The I-bundle structures in ${\mathcal{P}}_{2}$ and ${\mathcal{P}}_{1}$ respectively induce orbifold isomorphisms ${\phi}_{1}:{p}_{2}\left({T}_{1}\right)\to {p}_{2}\left({T}_{0}\right)$ and ${\phi}_{2}:{p}_{2}\left({T}_{0}\right)\to {p}_{2}\left({T}_{1}\right)$ such that $\overline{h}={\phi}_{2}\circ {\phi}_{1}$ setwise preserves the loop ${\bigcup}_{i=1}^{4}{p}_{2}\left({b}_{i}\right)$. The restriction of $\overline{h}$ on ${\bigcup}_{i=1}^{4}{p}_{2}\left({b}_{i}\right)$ is isotopic relative to the cone points to the identity map or an involution. Since ${\bigcup}_{i=1}^{4}{p}_{2}\left({b}_{i}\right)$ splits ${p}_{2}\left({T}_{1}\right)$ into two disks with no cone point, ${\mathcal{P}}_{2}$ is deformed by a ${G}_{2}$-equivariant isotopy so that afterwards $\overline{h}$ is the identity map or an involution.

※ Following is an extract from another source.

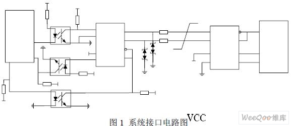 本系统通信机制的提出以高效、可靠为目的。RS-485 为半双工结构,现场中比全双工往往更接 近于实用,在此采用只有2 条信号线的简易型连接。系统接口电路图由图1 所示,主保护模块上 的8051 单片机输出的TTL 逻辑电平通过光电隔离后,由MAX485 芯片转换为RS-495 电平,再由面 板模块上的MAX485 芯片转换为TTL 逻辑电平,由8031 单片机读取。在8051 单片机一侧,使用并 行输入输出口2 的一位P2.7 对MAX 输入使能端RE、输出使能端DE 进行控制。由图1 可知,当P2.7 输出高电平时,RE 使能,单片机一侧接收数据;当P2.7 输出低电平时,DE 使能,单片机一侧发送数 据。这样,避免了盲目发送造成的数据叠加丢失现象,通信质量高,通信速度也能得到保证。

Take an $\overline{h}$-invariant ${S}^{1}$-bundle structure ${\mathcal{S}}_{1}$ on ${p}_{2}\left({T}_{1}\right)-{p}_{2}({b}_{1}\cup {b}_{3})$ with respect to which ${p}_{2}\left({b}_{2}\right)$ and ${p}_{2}\left({b}_{4}\right)$ are cross sectional, and an $\overline{h}$-invariant ${S}^{1}$-bundle structure ${\mathcal{S}}_{2}$ on ${p}_{2}\left({T}_{1}\right)-{p}_{2}({b}_{2}\cup {b}_{4})$ with respect to which every fiber in ${\mathcal{S}}_{1}$ splits into two cross sections. Then ${\mathcal{S}}_{1}$ and ${\mathcal{S}}_{2}$ induce a ${G}_{2}$-invariant product structure ${S}^{1}\times {S}^{1}$ on ${T}_{1}$. Let $h:{T}_{1}\to {T}_{1}$ be the lift of $\overline{h}$ which takes each ${c}_{i}$ to ${b}_{i}$. Then we have $h={\mathrm{Rot}}_{2\pi m}\times {\mathrm{Rot}}_{2\pi n}$ for some rational numbers m and n.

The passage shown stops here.